→ **Data extract**
++++++

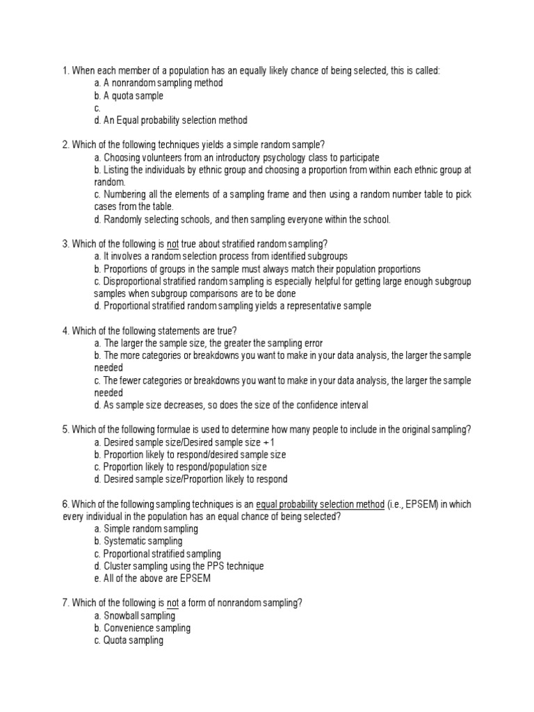 17. Which of the following is the most efficient random sampling technique discussed in your chapter?
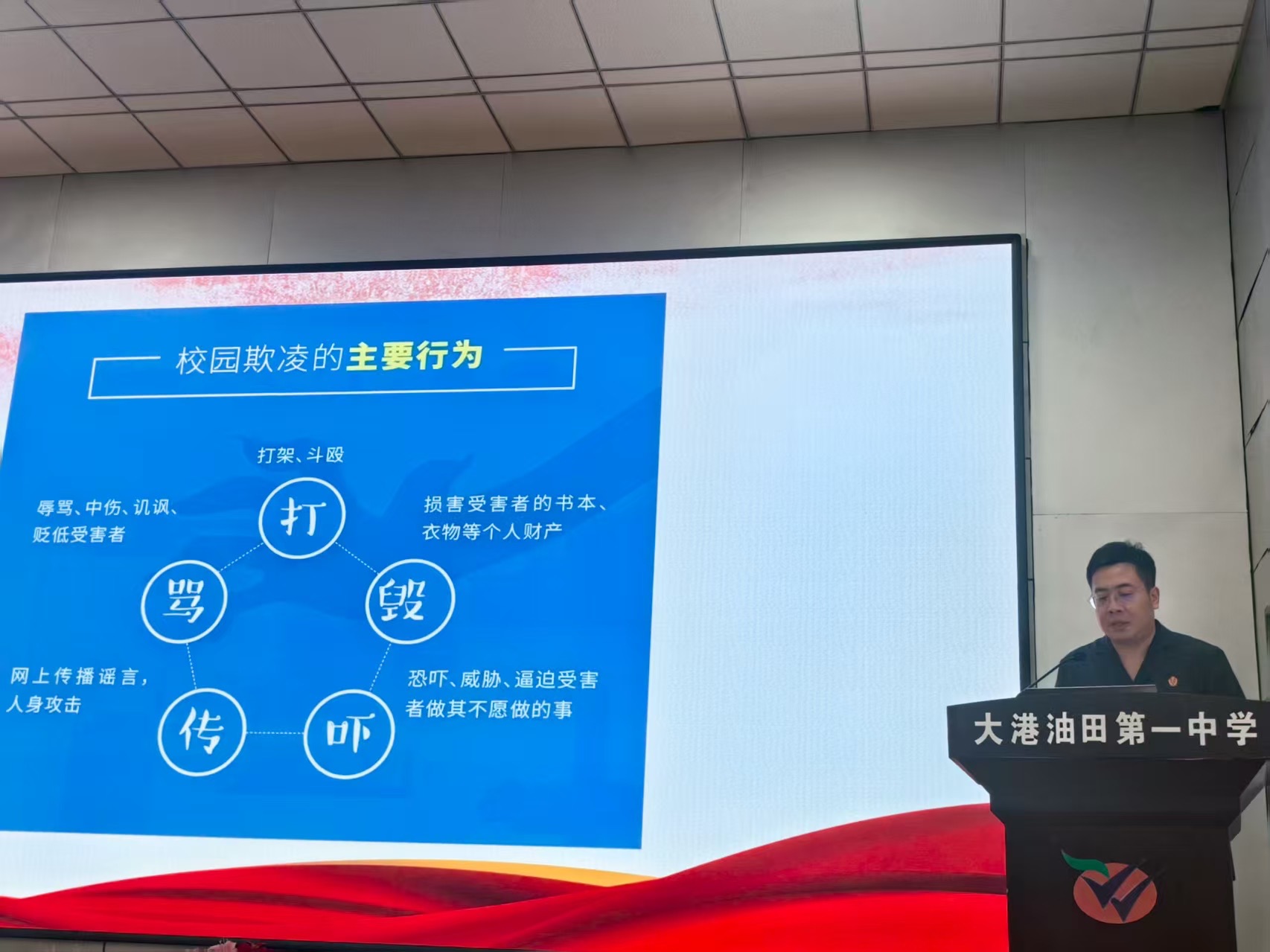 津滨网讯(记者 张爱萌)为帮助学生认清校园欺凌的危害,树立法治意识,掌握自我保护技能,巩固提升“双创零”成果,近日,滨海新区南部区域关工委精心安排天津市第三中级人民法院“红色小法徽”志愿服务队走进大港油田第一中学,进行了一场详实生动、直击人心的防治校园欺凌专题公益讲座活动。
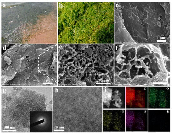 Figure 1a,b shows how the Enteromorpha prolifera (EP) invaded the seashore as well as the collected EP biomass in the salvage yard at Tsingtao City, Shandong Province of China. As depicted in Figure 1c, the fresh EP biomass exhibits a smooth surface without porous tissue structures; however, after the molten salt treatment (KCl), the prepared bio-carbon (EBC-K) exhibited sheet-like patterns with well-developed porous structures (Figure 1d). The SEM image with high magnification, shown in Figure 1e, shows the rich porous structures with diameters of several tens of nanometers; this was possibly caused by the etching effects of both the KCl and the oxygen which is penetrated through the molten salt []. Figure 1f depicts how the EBC-Na that was derived from NaCl molten salt demonstrates sheet-like patterns with porous structures that have diameters of ~100 nm. In addition, based on the TEM images displayed in Figure 1g,h, the EBC-K possesses regularly distributed mesoporous structures with diameters of 2–5 nm. The corresponding selected area, as shown in the electron diffraction (SAED) image, discloses two sets of indistinct diffraction rings that are attributed to the carbon lattice; this indicates that the EBC-K has a medium graphite structure. As indicated by the HAADF-STEM and EDS mappings of EBC-K (Figure 1i), C, O, N and S are found homogeneously distributed on the surface of the bio-char. As no N or S contented regents were adopted in the synthesis, the rich N and S originated from the intrinsic composition of the EP biomass. Moreover, slight amounts of Si and K could be also found embedded in the bio-carbon; this may also be ascertained from the intrinsic composition of the biomass (Figure S1).
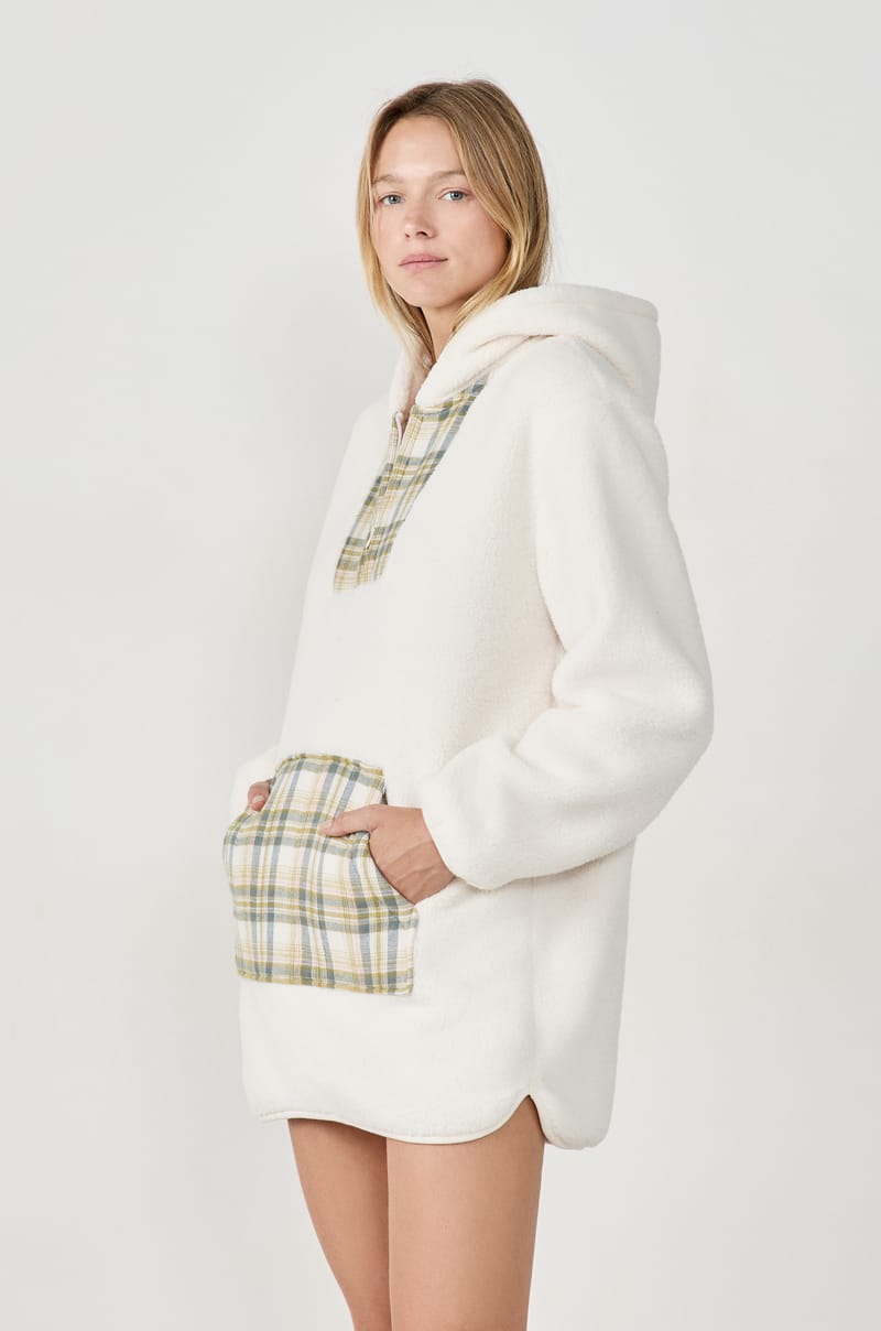 Doux et réconfortant, ce sweat à capuche de pyjama est twisté avec un motif à carreaux sur le col et la poche....

++++++

→ **Work task**
Look at the listing and set down only the lines from its start through the line with "津滨网讯(记者 张爱萌)为帮", word for word and without pictures.

→ **Output of the exercise**
 17. Which of the following is the most efficient random sampling technique discussed in your chapter?
 津滨网讯(记者 张爱萌)为帮助学生认清校园欺凌的危害,树立法治意识,掌握自我保护技能,巩固提升“双创零”成果,近日,滨海新区南部区域关工委精心安排天津市第三中级人民法院“红色小法徽”志愿服务队走进大港油田第一中学,进行了一场详实生动、直击人心的防治校园欺凌专题公益讲座活动。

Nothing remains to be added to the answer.